What sort of innovation are you bringing in your project?

- Innovation 1: DDTD has introduced a novel test architecture combined with a confidential sample pad material to increase the sensitivity of the tests further and ensure flawless behavior with blood samples (no red streaking).

- Innovation 2: In an earlier GHIT Fund project (G2023-111), DDTD and MBL identified a new anti-human-IgG4 secondary antibody which, when conjugated to the detector particles, showed superior performance compared to the best commercial products. This new antibody has already been introduced into three other DDTD rapid tests and will also be used for SsRT+.
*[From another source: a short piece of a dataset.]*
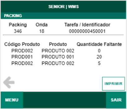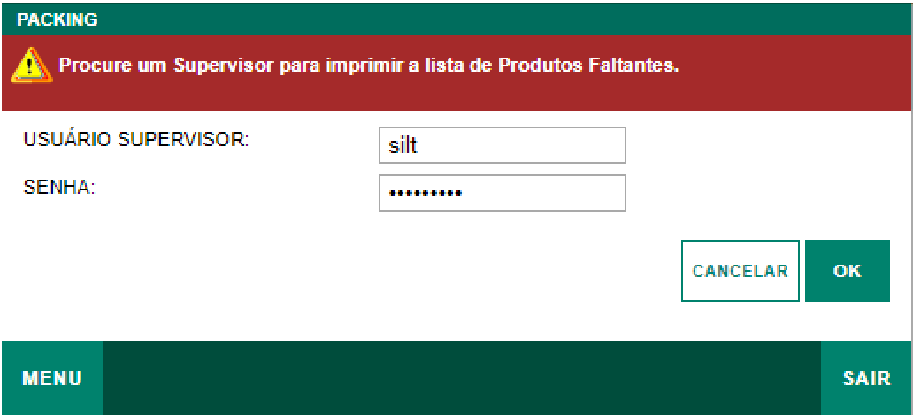Está representado por un informe que enumera los productos faltantes, que fueron separados para las actividades, pero queno fueron revisados y que aún no aparecen en la mesa de conferencias. Su finalidad es separar correctamente los productos queno se separaron físicamente dando lugar al embalaje, pero para que esto ocurra, el sistema solicita alcontraseña del supervisor para imprimir este informe.

- Innovation 3: DDTD has developed a novel method for rendering positive control antibodies entirely heat-stable, thereby eliminating the need for a cold chain for shipping or storage. Utilizing flash-freezing and freeze-drying, this new method has already been used to generate a positive control antibody for the onchocerciasis test, which was shown to be stable at 50°C for over two weeks. The project team will use the same technology to produce a heat-stable formulation of the IgG4-anti-NIE positive control antibody that will be generated by MBL.

- Innovation 4: DDTD has developed a new smartphone-based reader app in collaboration with Novarum and with funding from British charity LifeArc, which provides lightning-fast data acquisition and interpretation, upload of data in a cloud-based repository, and the ability to retrieve the data in real time from a web portal, which can be accessed from anywhere in the world and by anyone having been granted access. The principal value of this new app lies in an increased ease of use, more objective result interpretation (removal of operator bias), and global data integration, traceability and sharing.

Role and Responsibility of Each Partner

- Drugs & Diagnostics for Tropical Diseases (DDTD) will provide project management and collaborate with partners to ensure all Milestones are met. Furthermore, DDTD will optimize and evaluate the diagnostic performance of the SsRT+ prototypes and transfer the final design-locked candidate rapid test to manufacturing process development. All experimental procedures, as well as chemical, biochemical, biophysical, and clinical data, will be recorded by DDTD in its ISO-13845:2016 certified quality management system.

- Medical & Biological Laboratories Co., Ltd. (MBL) will be responsible for producing S. stercoralis antigen rNIE and an IgG4-anti-NIE positive control antibody, as well as maintaining any records necessary to reproduce the expression and purification of these key biological resources in view of future ISO-13485 compliant test manufacturing.

- IRCCS Sacro Cuore Don Calabria Hospital (IRCCS) will evaluate the diagnostic performance of SsRT+ using a unique sample collection from individuals infected with S. stercoralis and other parasites, especially helminths, including filarial species, Schistosoma spp, Toxocara spp, and soil-transmitted helminths, as well as intestinal protozoa, Plasmodium spp, Toxoplasma gondii, and others.

- QIMR Berghofer Medical Research Institute (QIMR) will lead the field evaluation of SsRT+ in baseline and follow-up surveys in Australia involving around 1,400 indigenous individuals from the remote endemic regions of Milingimbi and Gapuwiyak.

- Mundo Sano will lead the field evaluation of SsRT+ in Argentina, involving around 300 individuals from the regions of Orán (Salta) and Iguazú (Misiones).

- Big Eye Diagnostics, Inc. (BEDx) will be responsible for validating DDTD’s manufacturing SOPs and QC protocols by producing three pilot lots of 10-20’000 units of SsRT+ and quantifying inter-lot consistency. In the long term, BEDx will become the manufacturer of SsRT+.

In addition to the referenced Collaboration Partners, Prof. R. Noordin, the developer of SsRapid and a world-renowned expert in strongyloidiasis, is the key consultant and a full member of the team.